Uno sguardo d'insieme


I prodotti agroalimentari di qualità si confermano componente significativa del comparto agroalimentare italiano. Essi rappresentano un fattore di competitività delle realtà agricole locali e contribuiscono al mantenimento degli insediamenti umani e allo sviluppo delle aree montane e collinari dove sono presenti oltre i tre quarti dei produttori (76,3%). Tra il 2006 e il 2016 i trasformatori sono aumentati del 31,7% e i produttori del  26,0%, passando da 62.539 a 78.784; di questi la componente femminile è ancora una parte minoritaria  con solo due donne su 10.

 

Nel 2016 in Italia sono stati distribuiti per uso agricolo 0,12 tonnellate di fertilizzanti semplici per ettaro di Sau, valore in aumento rispetto al 2015; la distribuzione di fertilizzanti semplici è pari a 1.434.466 tonnellate (+12,1%), stesso andamento della distribuzione dei fertilizzanti nel suo complesso (+ 11,6%, pari a 4.514.916 tonnellate).
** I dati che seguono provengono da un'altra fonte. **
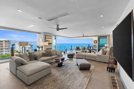 Discover the gem of Conchas Chinas with this stunning corner residence at Indah 10D, a luxurious sanctuary where the sea and sky blend into breathtaking panoramic views of Bahía de Banderas. This three-bedroom, three-bathroom condo redefines sophisticated coastal living, inviting you to experience a daily retreat by the ocean.
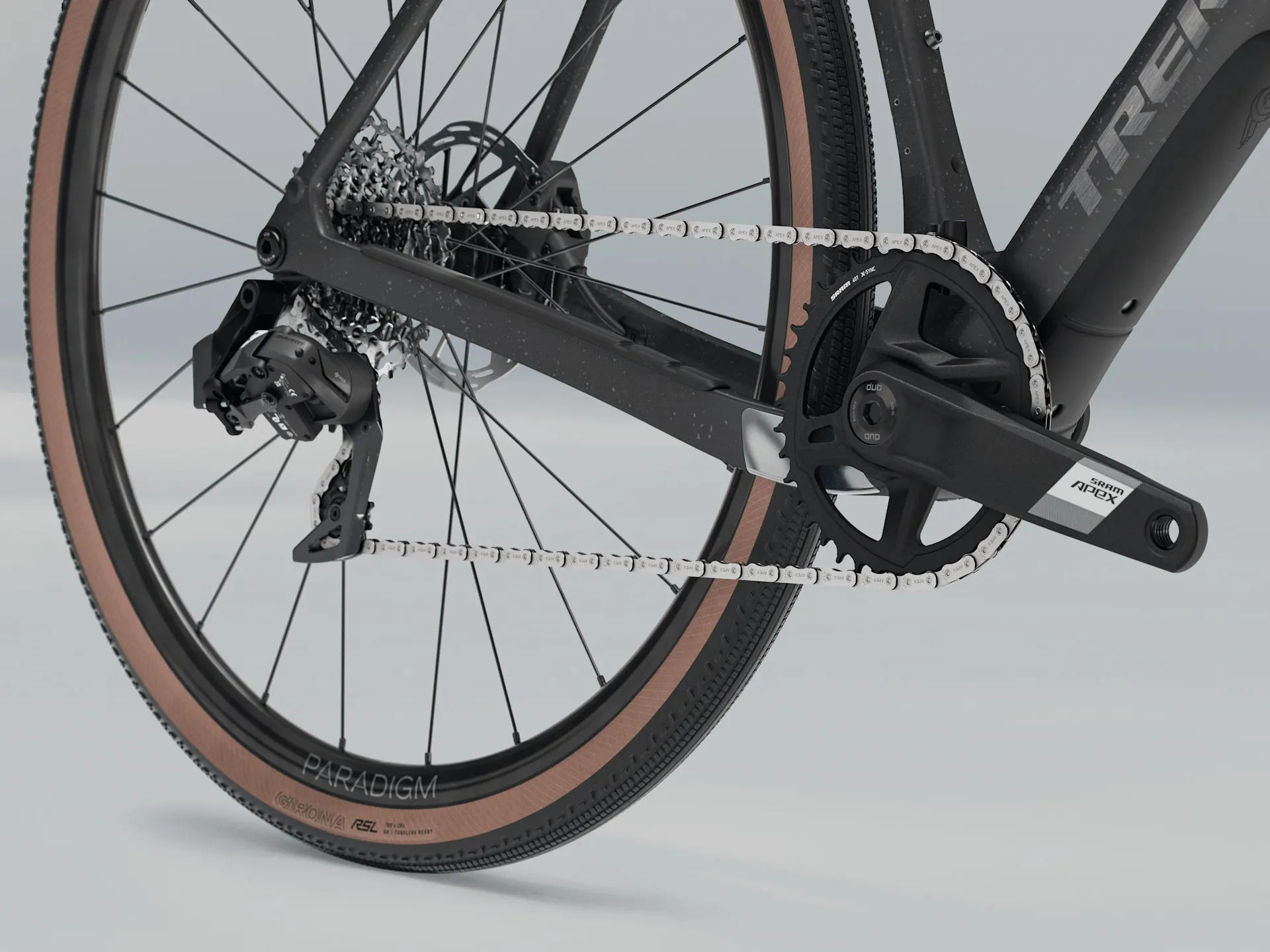 A 500 Series OCLV Carbon frame with a carbon fork, internal downtube storage, frame and fork mounts, and clearance for 50 mm tyres (as measured). A 12-speed 1x SRAM Apex XPLR AXS fully wireless drivetrain, hydraulic disc brakes, carbon seat post, and Tubeless Ready Bontrager Paradigm SL wheels with 42 mm tyres.
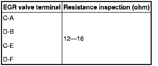 3. Measure the resistance between the EGR valve terminals.
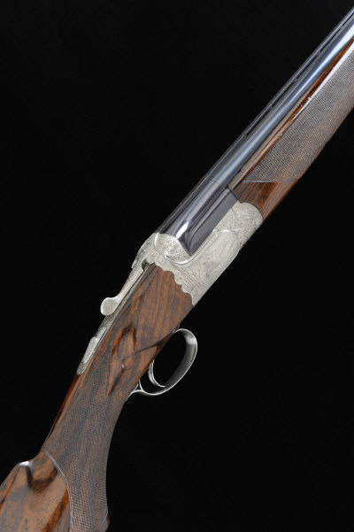 28-inch monobloc barrels with 2 3/4-inch chambers, about 1/4 and 1/2 choke borings, machined ventilated rib and crossbolt extension, the scroll-back frame and top lever with game scene engraving surrounded by foliate scrollwork, signed by the engraver "A. Big", detachable trigger block, 14 1/4-inch well figured stock with Prince of Wales grip, 7lb. 6oz., Italian nitro proof, vinyl covered case
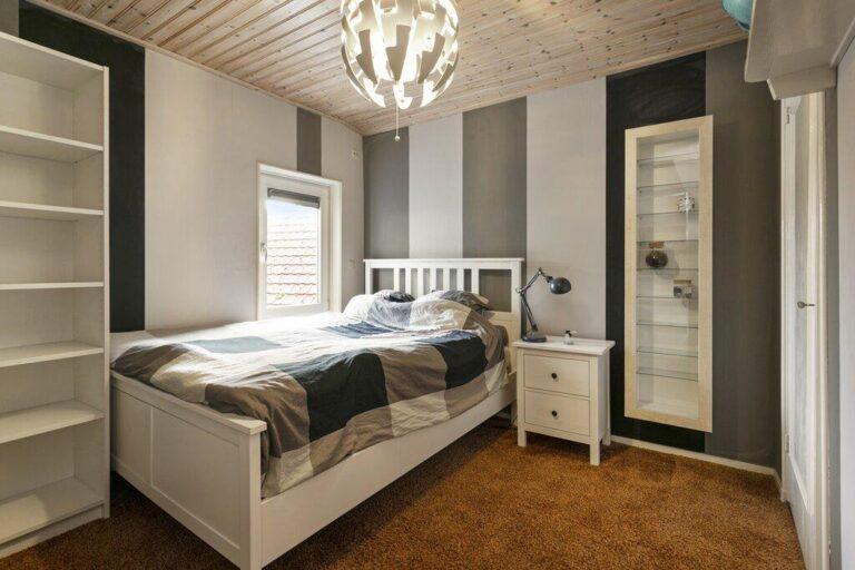 Alle drie de slaapkamers zijn groot genoeg voor een tweepersoonsbed, twee beschikken er over een handige vaste kast. De slaapkamers zijn afgewerkt met vloerbedekking, behangen wanden en een verlaagd plafond.
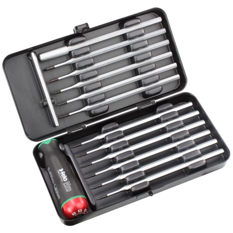 Serie NM Cavivitore Box 14 pezzi. (0,6 nm-1,5 nm) Colore per l'identificazione dell'area di coppia, progettazione ergonomicamente matura nella tecnologia a 2 componenti avanzata, lame intercambiabili per la massima flessibilità in tutte le aree di applicazione. Solemony 100%, semplice regolazione della coppia, innesco preciso quando la coppia impostata viene raggiunta-chiaramente sensibile e udibile, sano da speciale Chrome-Mobdän-vanadium in lega, miglior dati sulle prestazioni al 100% tramite valori di DIN, punta nera per precisa Contenuto di adattamento: 1 pezzo di klinge torx t 6 / t 7 / t 8, torx-plus ip 6 / ip 7 / ip 8, slot 3.0 x 0,5 / 3,5 x 0,6, Philips pH 0, pozriv pz 0, 1 supporto magnetico, 1 manico di coppia 0,6 - 1,5 nm (anello verde), 1 tasto di regolazione, in scatola metallica

I prodotti fitosanitari distribuiti ammontano a 124,1 milioni di chilogrammi e sono poco più di 60 milioni di chilogrammi i principi attivi contenuti (-4,8% rispetto al 2015). Anche in termini di Sau si registra una diminuzione, da 5,10  chilogrammi per ettaro di Sau nel 2015 a 4,85. 

 

L'agriturismo conferma la tendenza strutturale alla crescita, rappresentando una risorsa fondamentale della multifunzionalità aziendale e della realtà agricola nazionale: tra il 2006 e il 2016 le aziende agrituristiche sono aumentate del 35,2%, passando da 16.765 a 22.661. Più di un agriturismo su tre è a conduzione femminile (36,0%), quota sostanzialmente stabile negli ultimi tre anni. Rispetto all’anno precedente le aziende gestite da donne sono aumentate dell’1,6%, attestandosi nel 2016 a 8.159.